Abolishing the Ontario Municipal Board (OMB) has been a long-standing request from Toronto City Council. Former Toronto councillor Michael Walker was the original agitator for abolishing the OMB as he believed an unelected, semi-judicial body should not be able to reverse a decision made by an elected council. Developers, on the other hand, worried about unfettered political influence, lobbied to keep the OMB intact, arguing that the Planning Act should be free from the meddling of city councillors.
The Province of Ontario, under the City of Toronto Act, gave the city more powers over certain planning decisions but refused to abolish the OMB. The province’s rationale was to give council a little more control over some decisions but still keep the provincial appeal body for larger developments that may be political and controversial.
A LAB would be a significant benefit for Midtown, as some of the most controversial decisions remain at the Committee of Adjustment. As old houses are knocked down and new ones constructed, neighbours are concerned about oversized houses, flooding, privacy, loss of trees and green space.
A LAB would be able to consider issues beyond the jurisdiction of the OMB that are important for protecting neighbourhoods but not always understood by provincial adjudicators.
A current proposal would see the city establish a LAB composed of three citizen members. It would be located at 40 Orchard View Blvd. — the location of the Toronto Public Library at Yonge and Eglinton. The fee to appeal a Committee of Adjustment decision would be $500, which is more than appealing to the OMB, but the cost of the hearing should be substantially reduced.

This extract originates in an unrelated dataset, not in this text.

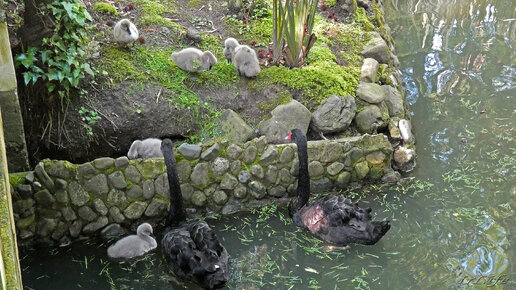 Далее: Заботливая мамочка - черная лебедь! После прогулки всем птенцам от нее ласка и внимание! Сочинский дендрарий.
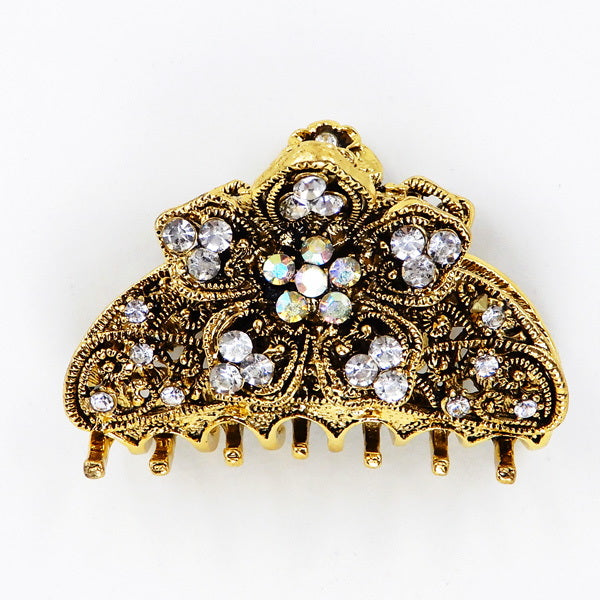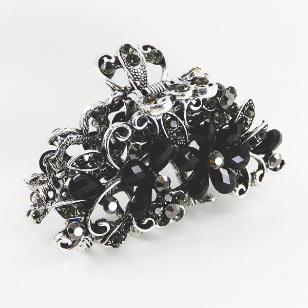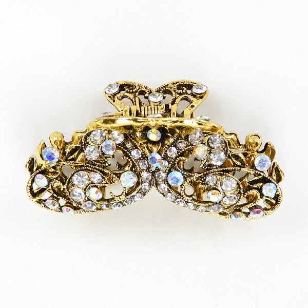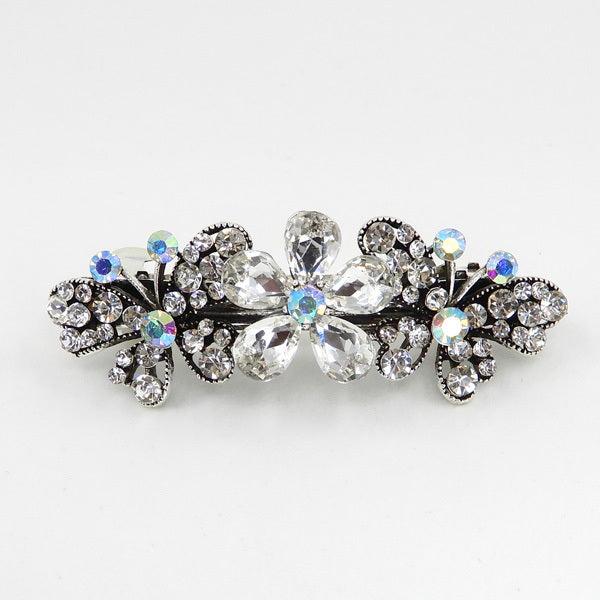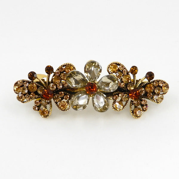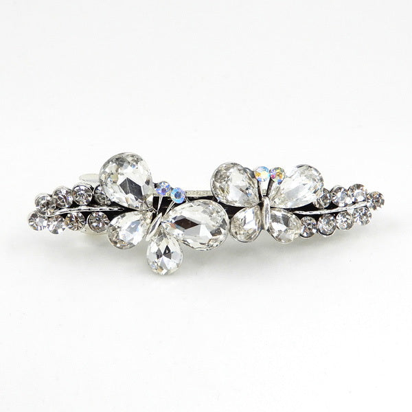Glass Stone Floral Butterfly Embellished Metal Barrette

The city is also proposing a mediation pilot project that would encourage the parties to mediate a settlement before it goes to the panel.
Although a LAB will need to consider the Planning Act when rendering decisions, the citizen members will be better able to measure the impact of variances on a community because the members will likely be more familiar with the community.
The mediation pilot project is also an excellent idea as it encourages opposing interests to work out their differences. Usually the best decisions are the ones that the two sides can agree on.
Kathleen Wynne has kept control over local planning with the province through the Ontario Municipal Board, but for how long?